▸ TASK GOAL: Every line of the material needs an exact copy, apart from the images.

▸ DATA PROVIDED:
▽
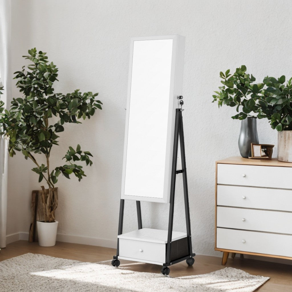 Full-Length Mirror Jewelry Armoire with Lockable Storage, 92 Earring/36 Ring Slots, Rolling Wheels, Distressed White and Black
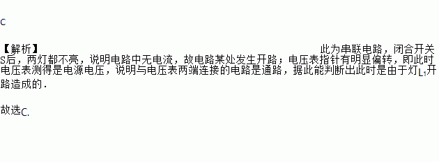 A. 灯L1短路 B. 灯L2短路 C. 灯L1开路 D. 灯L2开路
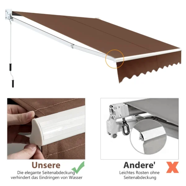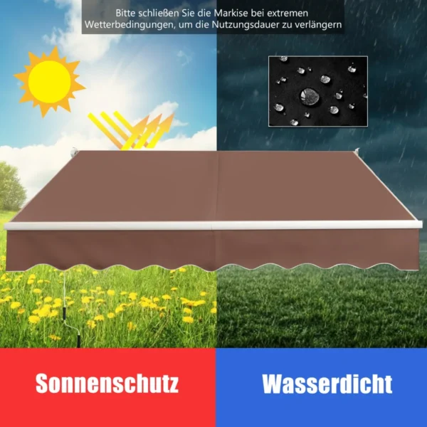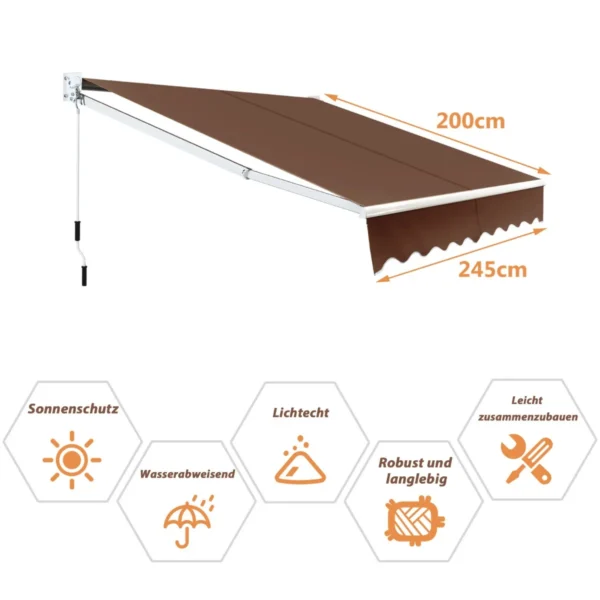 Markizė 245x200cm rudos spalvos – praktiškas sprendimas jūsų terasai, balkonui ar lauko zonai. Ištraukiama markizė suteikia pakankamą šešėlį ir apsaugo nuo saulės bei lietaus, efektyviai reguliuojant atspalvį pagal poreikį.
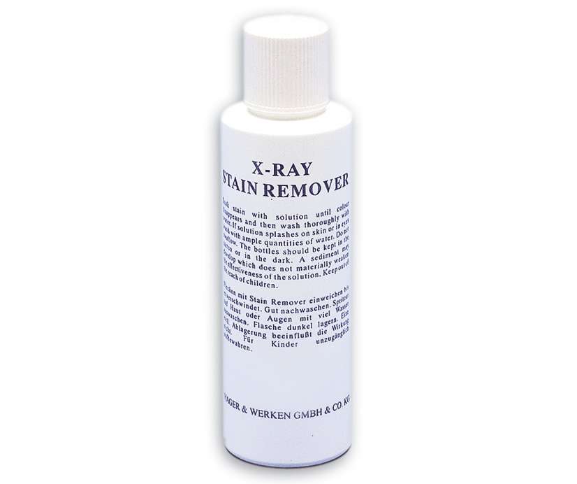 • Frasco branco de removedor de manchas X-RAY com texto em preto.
△
▸ ANSWER SECTION:
 Full-Length Mirror Jewelry Armoire with Lockable Storage, 92 Earring/36 Ring Slots, Rolling Wheels, Distressed White and Black
 A. 灯L1短路 B. 灯L2短路 C. 灯L1开路 D. 灯L2开路
 Markizė 245x200cm rudos spalvos – praktiškas sprendimas jūsų terasai, balkonui ar lauko zonai. Ištraukiama markizė suteikia pakankamą šešėlį ir apsaugo nuo saulės bei lietaus, efektyviai reguliuojant atspalvį pagal poreikį.
 • Frasco branco de removedor de manchas X-RAY com texto em preto.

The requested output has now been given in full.